Things a Real Estate agent or FSBO should know.

Well the answer is yes, no and maybe. Oh yeah how can that be? Is there more benefit to having a conventional or FHA mortgage? Just so you know that I’m not blowing smoke. I used to be an Enrolled Agent that meant at one time I could practice law in tax court. I no longer practice tax law or preparation. But I still retain a bit of working knowledge. So now in the first year of an FHA mortgage or any mortgage for that matter there are extra deductions that make for greater tax benefits. After the first year tax benefits from an FHA mortgage are much easier to calculate. And since you will probably keep your mortgage for more than one year let us project tax savings for the second and subsequent years.
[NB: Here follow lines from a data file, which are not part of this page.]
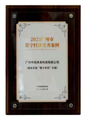
2023 Excellent Cases of Digital Economy in Guangzhou «Xuliang Xinghai "Digital Village" Plan»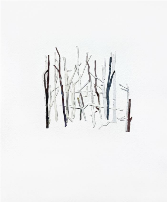
"Paper Forest Series #3," Mixed media collage on paper

menace? Or does it merely reference pulp magazines, popular during the mid-20th century, that the film's own title was based upon?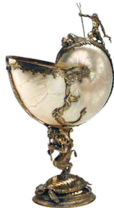
Nautilus goblet, Enkhuizen (The Netherlands), around 1600, silver, moulded, embossed, engraved, gold-plated

In addition to existing publications, the digital museum is becoming increasingly relevant.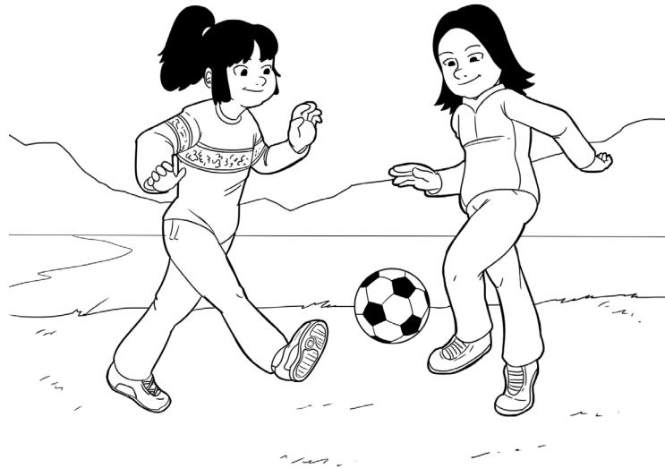
ᐱᐱᑦᑲᑦᑲᑦ ᑲᑦ ᐱᑦᑲᑦᑲᑦ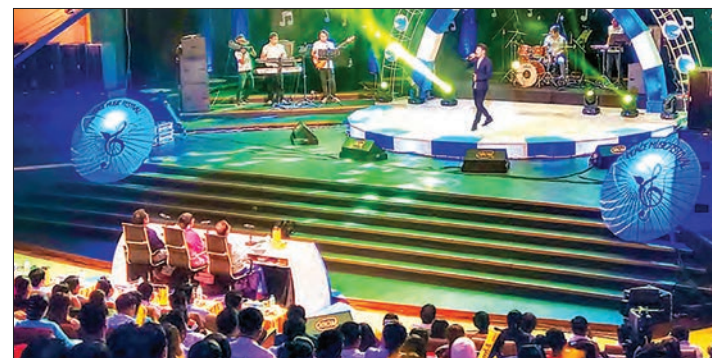
Level-1 of the Peace music festival 2017 in progress.

Level-1 of the Peace music festival 2017 was held at MRTV studio in Tatkon Township, Nay Pyi Taw yesterday evening, attended by Union Minister for Information Dr Pe Myint, member of Nay Pyi Taw Council U Tin Htut and officials.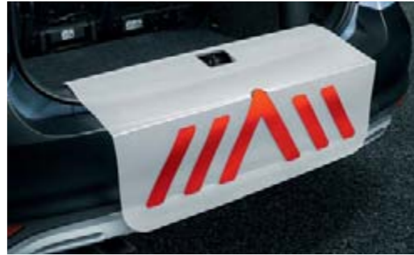
Rear bumper cover foil (KDX 630 001)

The second thru fifth year of a mortgage will have similar tax benefits.

OK now that I got the lawyer crud out of the way some assumptions.  Yes, yes I know what assumptions do.  A single person and married couple are buying a home.  The loan amount is $300,000 with annual property taxes of $2800. Terms are 30 years fixed at 5.5%, so the monthly payment (P & I only) is $1703.37. OK we have Jane Single (clever, how he slips a single gal in) and Jim Couple and Mary Couple married kids.  Both make the same money (proving that women actually do make more than guys) $70,000 and this is taxable income.

From paragraph one above the part that is yes. If you happen to be single your tax benefits are pretty good. Without boring you to tears with numbers and such here it is.  As a single person with taxable income of $70,000 you pay $11,513 in federal income taxes. When you deduct the $2800 in property taxes and the $16,399.19 in interest paid you lower your taxes to $8318 from $11,513. This is a saving of $3195 or $266 per month. So yes you do have a tax benefit.

Now the maybe or no part for M/M Couple. They have the same taxable income in fact the same everything. Before they get their mortgage their taxes are $6896 and after they are $5726. There is a tax savings of $1170 per year or all of $97.50 per month.  So the benefit is there but you can definitely answer maybe or even no.

So Mr. FSBO or Ms. Real Estate Agent what do you tell your client. What do you say when the ask, “Is there a tax benefit when I buy a home with an FHA mortgage?’ Now you can definitely say, “Yes or No or Maybe.”